Al-Kazim Mosque, also known as Al-Qalaa Mosque or Al-Ain Mosque, is a small mosque comprising a single room and a toilet. It is situated adjacent to the castle and is constructed in a traditional folk architectural style.

=== Artisans market ===
On 22 July 2011, a contractor was appointed to oversee the restoration and adaptation of the craftsmen's market adjacent to the historic Tarut Castle. This project involves renovating the old shops, designing and manufacturing wooden doors that replicate traditional designs adorned with copper and traditional inscriptions. The total area of the project is approximately 112 square meters and includes the construction of two balustrades featuring traditional Tarut designs, along with roofs made of jandal, basjil, and mats.

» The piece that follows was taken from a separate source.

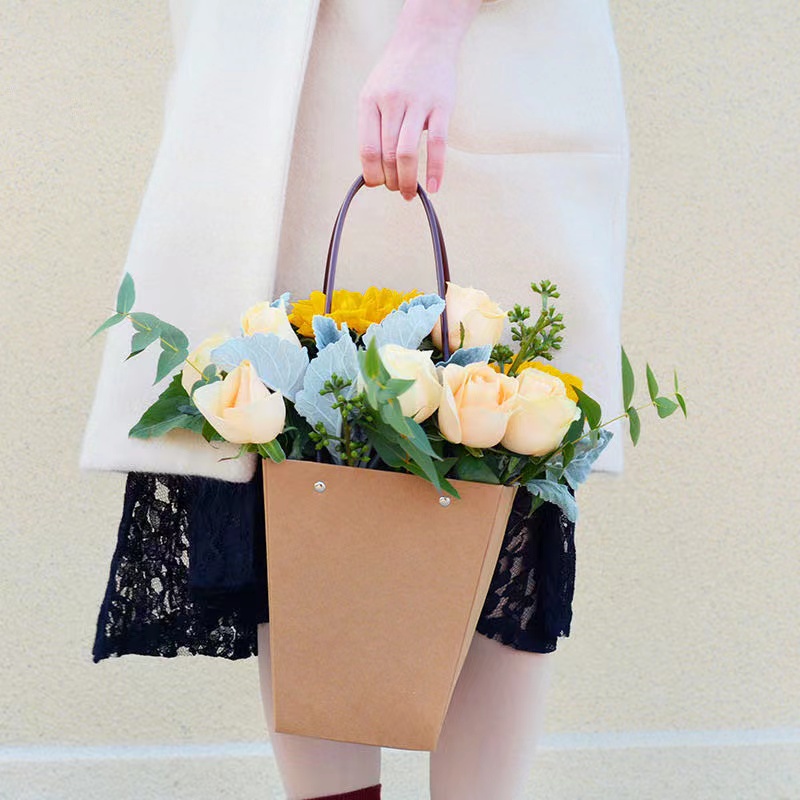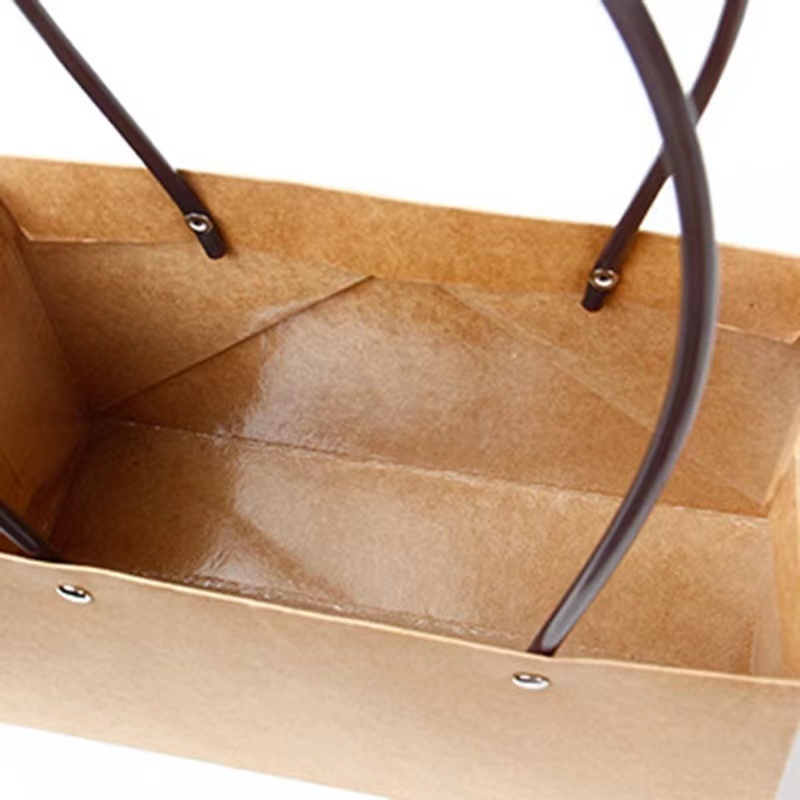 Kraft paper tote bag flower shop wrapping paper gift packaging tote bag thickened waterproof

Additionally, the project aims to create permanent centers for artisans to practice their crafts, consolidating their work in a single location rather than scattering it across various sites. This initiative is intended to encourage artisans to continue their trades and provide opportunities to market their products to visitors and tourists. The project also includes the restoration and preservation of the buildings adjacent to Tarut Castle, with the goal of transforming the area into an attractive center for artisans, tourists, and visitors to the region.

=== Ain Tarut's bath ===
Ain Tarut's bath, also known as Hammam Tarut, Hammam al-Masjid, or Hammam al-Souq, is a sulfur bath that branches off from Ain al-Awda. It was constructed during the Portuguese era and was utilized by the Ottoman pashas to gain access to the commercial market. However, in 1991, the hammam was filled in and converted into a modern swimming pool.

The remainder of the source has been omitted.